Success of a pre-funded program would probably be judged by the extent of voluntary acceptance of it, and success would mean the endowment fund grows to be vast and well-distributed. Success would entail huge sums of money, potentially disruptive of the existing financial system. At peak capacity, the financial markets would have to absorb weekly inflows of about 1/4% of GNP, and eventually liquidations of double that size.

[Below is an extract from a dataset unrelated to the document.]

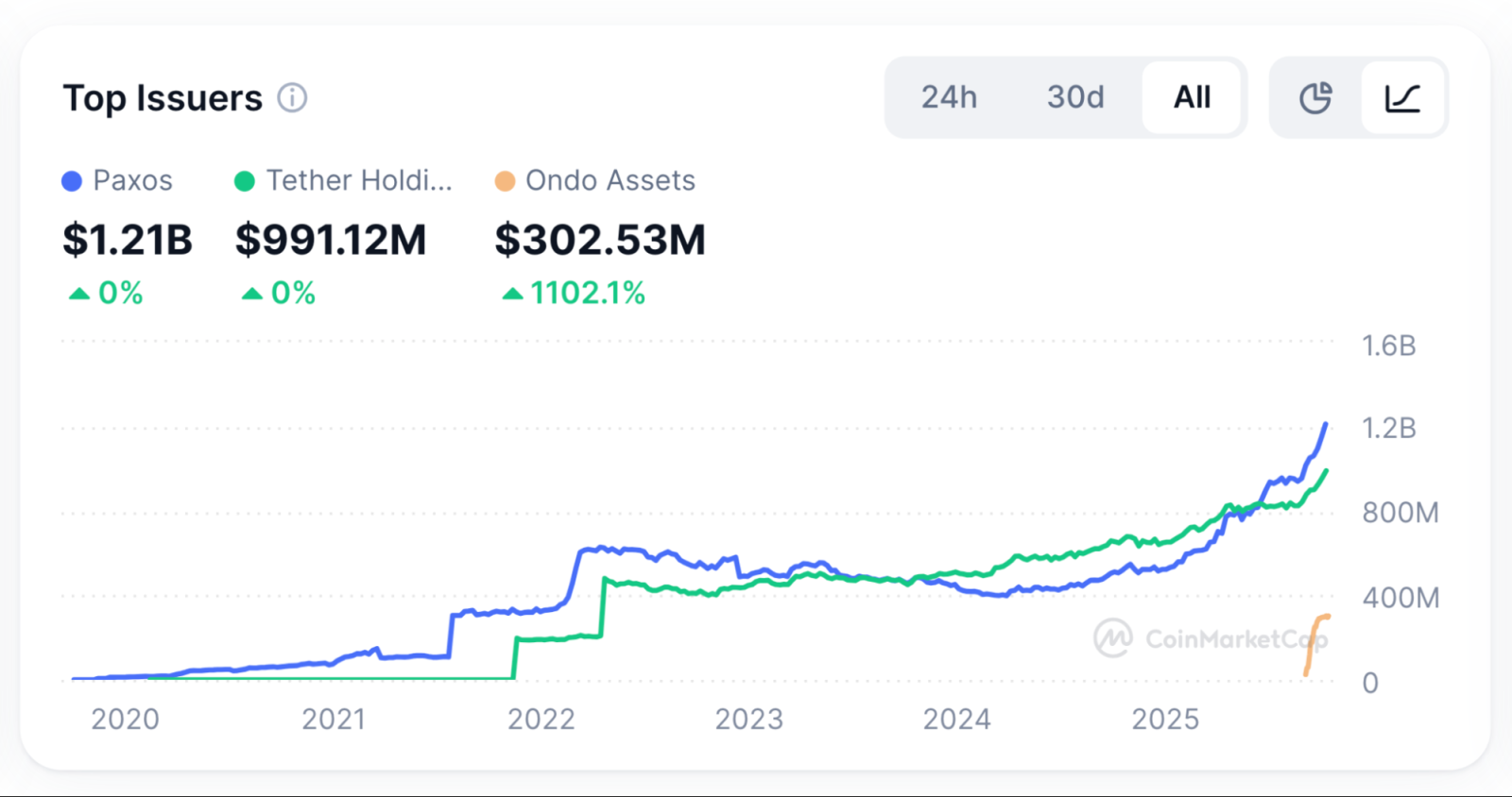 Наибольший спрос наблюдается по двум направлениям — казначейским облигациям (гособлигациям США) и металлам. Более 80% всего рынка формируют три эмитента: Ondo Assets, Paxos и Tether Holdings.

Success might also entail a significant shrinkage of our oversized medical complex. Background churnings of that size would soon underlie every calculation in the markets, with uncertain consequences for what would probably be a steadily growing world financial marketplace, perhaps a disruptively international one. Not everything can be predicted so far in advance, but it is safe to say it would be tested for flaws until the markets conclude it is flawless, a very long time indeed. Such a leviathan cannot be set on automatic pilot, but neither dare it rely on having the wisdom to make unblemished mid-course corrections. There are risks in attempting a middle approach, which must just be accepted as being less than the potential rewards of taking the risk.